One of her first Upper Deck events was a baseball clinic that featured Jeter, and Wasserman was struck by the 8-year-olds saying, “This is the best day of my life!” It showed her how much sports means to people – and that it really makes a difference in their lives.
But therein lies another challenge for students who want to work in the sports industry: Everyone wants to do it.
So she began her talk with pointed pointers about what to do – and, just as important, what not to do. Case in point: If you’re interviewing at a trading card company, do not bring your collection. That won’t get you the job. In fact, it almost certainly will prevent you from getting the job.
Instead, she told the students, your to-do list should include:
- Include something catchy (such as that flip-flop) with your application that will get you noticed.
- Build a portfolio, even if it’s just school projects.
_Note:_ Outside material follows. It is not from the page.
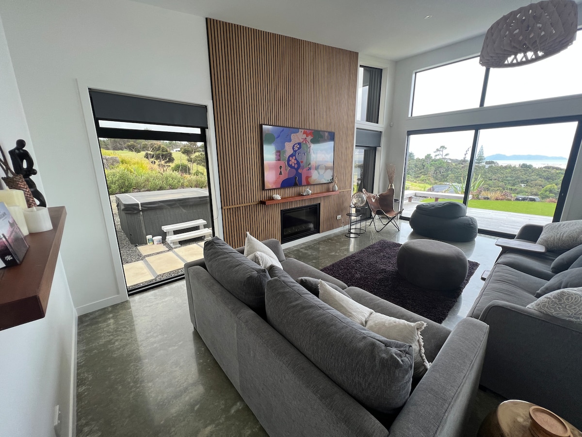 •Modern architecturally designed bach with modern amenities and decor. •Sunny and heated. •Spa Pool •Sip cocktails on the deck or in the spa while watching the sunset. Expansive ocean/harbour views. •Escape from the city, work remotely or relax. Centrally located, close to golf course and shops. •Landscaped section Access to golf simulator available on request at a flat fee of $1000/booking. Also look at our property next door: "Luxury mangawhai escape"

- Be prepared for tough questions, such as this one: “If you had $100,000 to spend on a Super Bowl party, what would you do?” (Inviting all your friends and ordering more shrimp isn’t the right answer – it needs to be about the company.)
- Get killer references.
- Use your connections, utilizing family, friends, professors and LinkedIn.
Then there’s the issue of dressing for success. Wasserman told of how one candidate showed up in a T-shirt and jeans … with his resumé folded into his back pocket. She wanted to end the interview right then.
She also warned the students to not expect to get a top-level creative role right away. No matter where they go in the industry, they’re almost certainly going to start in customer service.
Wasserman spent the rest of her talk sharing some fascinating insights into what Upper Deck does. Hint: It doesn’t just make trading cards. Far from it.
Marketing those cards is done in a variety of ways, such as putting fans’ photos on trading cards for a nominal fee. It’s something that fits nicely in a wallet.
As time has gone on, the company has gotten increasingly creative. Wasserman cited a famous quote from former hockey star Wayne Gretzky – “You miss 100 percent of the shots you don’t take” – but reminded her audience that all that creativity must come back to one thing:
“People get caught up in all these exciting and different things you can do, and then I say, ‘How is that helping us sell cards, at the end of the day?’”
Selling cards, she said, means engaging fans, not catering to collectors. The company takes great pains to authenticate its cards with a patented five-step process, but in recent years it has become just as passionate about something far more important, something that matches CCOB’s “Conscious Capitalism” credo.
Wasserman spent a considerable amount of time addressing Upper Deck’s “Heroic Inspirations” campaign, in which it produces cards for special individuals, such as children battling cancer, and donates the proceeds to charity. The money can be used by the family to pay off medical bills.
The campaign began when an ESPN feature on Jack Hoffman, a 7-year-old in Nebraska with brain cancer, caught the attention of Chris Carlin, Upper Deck’s Senior Marketing and Social Media Manager. Now, Wasserman said, Carlin spends about 20 percent of his time on the campaign, which also has featured Liam Fitzgerald, Sam Tageson and Daniel Alexander.
“Using your marketing powers to do good – who can’t get behind that?” Wasserman said.
And here’s another reason for students to want to work for a company like this: With every paycheck, Upper Deck employees get a pack of trading cards.
No wonder it’s yet another company in the sports industry that has far more applicants than open positions. “There’s so much competition,” Wasserman said. “People want to love what they do.”
It goes hand in hand with being a fanatic. But applying that knowledge properly is the name of the game.